Managing user accounts is one of the most common and time-consuming tasks for Active Directory (AD) administrators. Every day, they are responsible for provisioning new users, modifying existing user properties, managing group memberships, resetting passwords, disabling inactive accounts, and deprovisioning users who leave the organization.
Many admins rely on PowerShell to handle these day-to-day operations. Instead of manually performing time-consuming steps using AD's graphical interface, PowerShell enables admins to run precise commands that can create, modify, or remove multiple users simultaneously, saving hours of work. This article will guide you through a list of common PowerShell commands to manage AD users. If you'd prefer a simpler, GUI-driven approach, you'll also discover an easier way to handle all these operations using ADManager Plus.
Here's a list of PowerShell commands to help you manage AD users. Ensure you have the AD PowerShell module installed and imported before you run these commands.
This command creates a single user account named John Smith directly in AD. Admins can customize values for username, OU, password, and more. View the detailed steps to create a new AD user.

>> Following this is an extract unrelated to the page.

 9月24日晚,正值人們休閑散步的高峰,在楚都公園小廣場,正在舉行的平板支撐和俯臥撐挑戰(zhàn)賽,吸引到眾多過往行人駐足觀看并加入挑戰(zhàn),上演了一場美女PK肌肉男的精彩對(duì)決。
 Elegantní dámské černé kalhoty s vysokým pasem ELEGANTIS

New-ADUser -Name "John Smith" `
-SamAccountName "jsmith" `
-GivenName "John" `
-Surname "Smith" `
-DisplayName "John Smith" `
-UserPrincipalName "jsmith@fabrikam.com" `
-Path "OU=Finance,OU=UserAccounts,DC=FABRIKAM,DC=COM" `
-AccountPassword (ConvertTo-SecureString "P@ssW0rd!" -AsPlainText -Force) `
-ChangePasswordAtLogon $true `
-Enabled $true
Use this command to create new AD user accounts from a CSV file. It allows you to set key attributes such as name, password, and organizational unit (OU), allowing precise and scalable onboarding without manual input. View the detailed steps to create AD users in bulk.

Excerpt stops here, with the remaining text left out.